The SoC I used for this driver development actually has problem sending
Gigabit traffic so I do not see the effect of any slowdown, and the updated
MAC driver change for a hardware problem does not help and greatly
degrades the transmit performance.

> >
> > It might also be possible to merge in tag_trailer, or at least share
> > some code.
> >

Actually in previous old DSA implementation I just hijacked this file to
add the tail tag operations without creating a new file like tag_ksz.c.

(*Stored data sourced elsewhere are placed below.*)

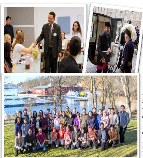
Från vänster till höger: Ambassadören besöker en högskola, överlämnar kreditivbrev till kungen och träffar studenter från Indonesien (PPI)

Sahabat: Varför är en god relation mellan Sverige och Indonesien viktigt?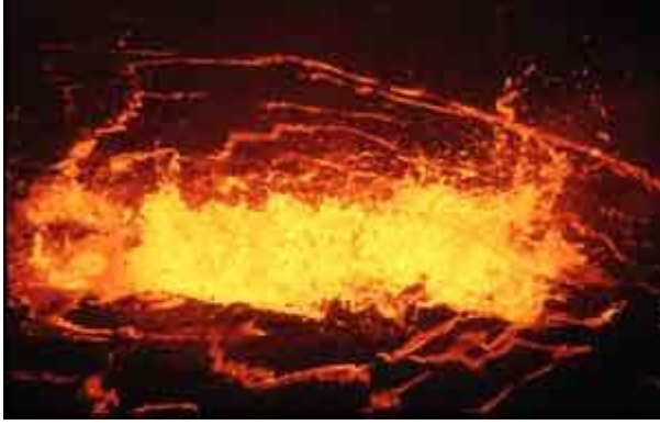
Lac de lave du Pu'u O'o, massif du Kilauea, Hawaii.

L'Oï Doinyo Lengai en Tanzanie est unique au monde car il émet des laves noires, appelées « carbonatites » (de composition chimique carbonatée), très fluides, à une température d'environ 500 degrés.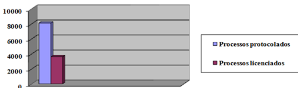
Figura 3 – Representação da quantidade aproximada de processos protocolados e licenciados no ano de 2011 juntos aos órgãos ambientais municipais goianos pesquisados.

Os dados obtidos através das respostas da questão 5 “Quantidade de processos protocolados e licenciados no ano de 2011?”, demonstra a importância da descentralização do licenciamento ambiental para o município, que é comprovando da Figura 3, no sentido em que a transferência do ato de licenciar localmente, descongestiona o órgão estadual, além do que, foi constatado na pesquisa que algumas atividades de menor impacto não eram licenciadas pelo Estado, devido à distância geográfica entre o órgão e o local da atividade, e a pouca quantidade de servidores na SEMARH.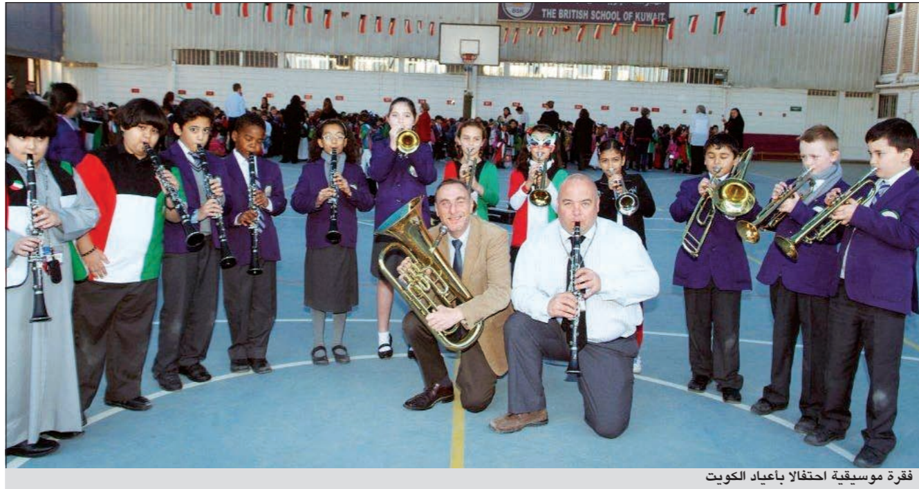
فقره موسيقية احتفالاً بأعياد الكويت

المضيفة والتي أصبحت بمثابة وطنهم الثاني الذي منحهم حق التعليم والمعيشة. وبهذه المناسبة، كان لسوق الموضة هذا العام نكهة خاصة ومميزة حيث تنوعت تشكيلة الملابس من أغطية الرأس بما في ذلك الشالات، والريش، والقبعات بمختلف الأحجام والأشكال، وكذلك الزي التقليدي كالدشداشة والثوب الكويتي، كان الطلاب الأكبر سناً أكثر تحفظاً في لباسهم، وبالرغم من

> > What i don't yet understand is how you are passing PTP information
> > around. The commit messages need to explain that, since it is not
> > obvious, and it is the first time we have needed PTP info in a tag
> > driver.

It seems the official 1588 PTP timestamp API for a PHY driver is only implemented
in only PHY driver, net/phy/dp83640.c, in the whole kernel.  DSA uses similar
mechanism to support 1588 PTP.  In dsa_switch_rcv() the CPU receive function is called
first before dsa_skb_defer_rx_timestamp().  That means the receive tail tag operation
has to be done first to retrieve the receive timestamp so that it can be passed later.

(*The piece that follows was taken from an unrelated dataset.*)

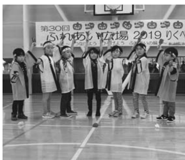
保育所園児のよさこいソーラン演舞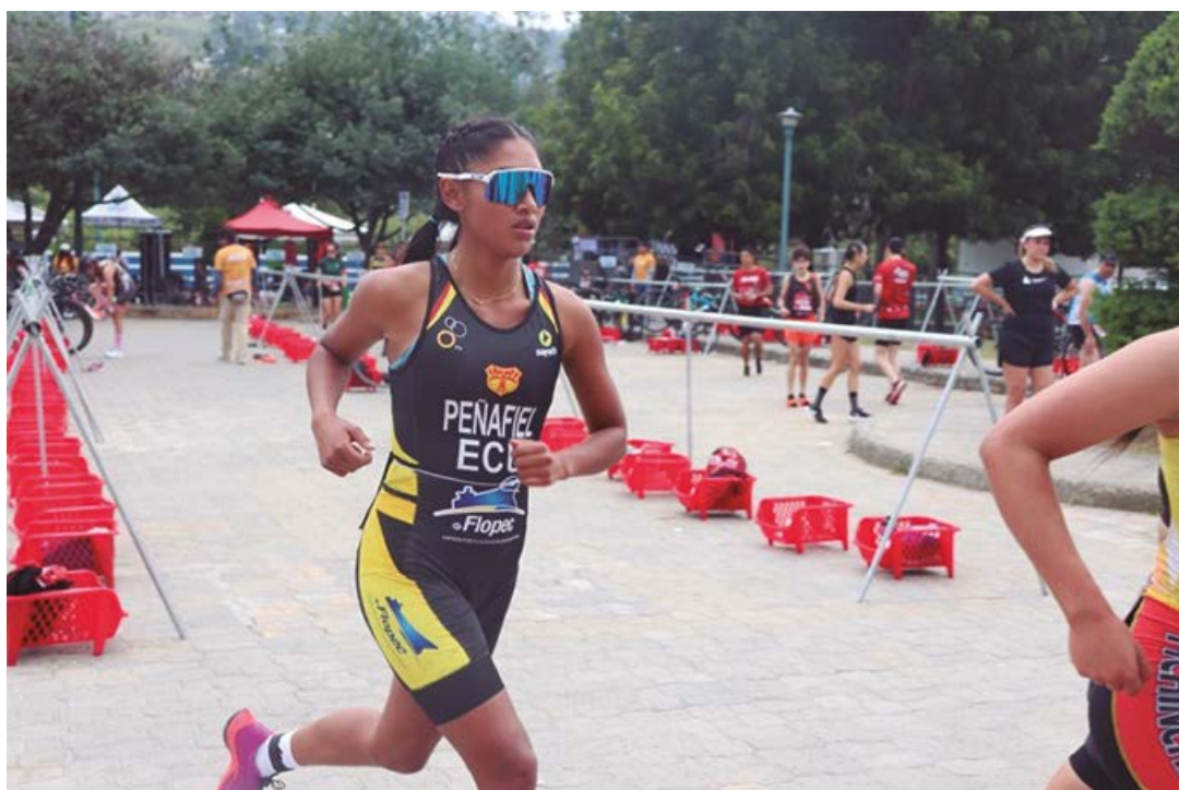
Imagen 7. Deportistas han culminado la Transición 2 en el parque de bicicletas rectangular

4. Transición 2 (T2).- es la segunda transición, de ciclismo a carrera a pie. En la mayoría de los duatlones, las atletas aparcan su bicicleta en la posición de inicio. Por lo general, las atletas cambian de zapatillas de ciclismo a zapatillas de correr en la T2.

It is probably not good to change the socket buffer length inside the port_rxtstamp
function, and I do not see any other way to insert that transmit timestamp.

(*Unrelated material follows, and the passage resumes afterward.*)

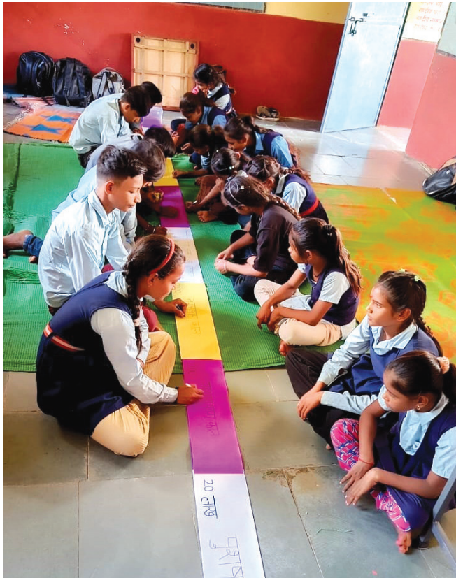
चित्र 1: बीते हुए समय को समय रेखा की मदद से महसूस करना

हालाँकि, यह कहा जा सकता है कि तिथियों और काल (Era) की सटीक समझ होने से इतिहास बोध को विकसित करने में बहुत मदद मिलती है। यह समझ ऐतिहासिक घटनाओं के क्रम को समझने, कालों के अनुसार घटनाओं में अन्तर करने व उनमें सम्बन्ध बनाने तथा समाजों के विकास क्रम की तुलना करने, तर्क करने और विश्लेषण करने में मददगार होती है। संक्षेप में और सरल भाषा में कहा जाए तो इतिहास को समझने से आशय है समय के क्रम के साथ हुए बदलावों को, उनके कारणों और प्रभावों के साथ समझना। समय रेखा या काल रेखा इनको एक कहानी की तरह क्रम से समझने में मदद करती है। ऐतिहासिक घटनाओं के बीच एक बार क्रमिक समझ बनने के बाद इसकी मदद से घटनाओं के कारणों और प्रभावों का विश्लेषण करना आसान हो जाता है। समय रेखा के इस्तेमाल को शिक्षक और विद्यार्थियों के लिए आसान और रोचक कैसे बनाया जा सकता है, इसका अनुभव मुझे मध्य प्रदेश के सागर ज़िले के खुरई ब्लॉक की एकीकृत माध्यमिक शाला बांगची के कक्षा 6 से 8 के

A customer has already inquired about implementing 1588 PTP in the DSA driver.  I hope
this mechanism is approved so that I can start doing that.
Andrew Lunn Dec. 6, 2018, 8:41 p.m. UTC | #5
> I did try to implement this way.  But the other switches do not have the same
> format even though the length is the same.  Then I need to change the following
> files for any new KSZ switch: include/linux/dsa.h, net/dsa/dsa.c, net/dsa/dsa_priv.h,
> and finally net/dsa/tag_ksz.c.

You can always add two different tag drivers. They don't have to share
code if it does not make sense.

> Even then it will not work if Microchip wants to add 1588 PTP
> capability to the switches.
> 
> For KSZ9477 the length of the tail tag changes when the PTP function
> is enabled.  Typically this function is either enabled or disabled
> all the time, but if users want to change that during normal
> operation to see how the switch behaves, the transmit function
> completely stops working correctly.

We should figure out how to support PTP. I think that is the main
issue here.

> Older driver implementation is to monitor that register change and adjust the length
> dynamically.
> 
> Another problem is the tail tag needs to include the timestamp for the 1-step
> Pdelay_Resp to have accurate turnaround time when that message is sent out by the
> switch.  This will require access to the main switch driver which will keep track of those
> PTP messages.
> 
> PTP handles transmit timestamp in skb_tx_timestamp, which is typically called after the
> frame is sent, so it is too late.  DSA calls dsa_skb_tx_timestamp before sending, but it
> only provides a clone to the driver that supports port_txstamp and so the switch driver
> may not be able to do anything.

The current design assumes the hardware will insert the PTP timestamp
into the frame using the clock inside the hardware. You then ask it
what timestamp it actually used. 

If i understand you correctly, in your case, software was to provide
the timestamp which then gets inserted into the frame. So you want to
provide this timestamp as late as possible, when the frame reaches the
head of the queue and is about to be sent out the master interface?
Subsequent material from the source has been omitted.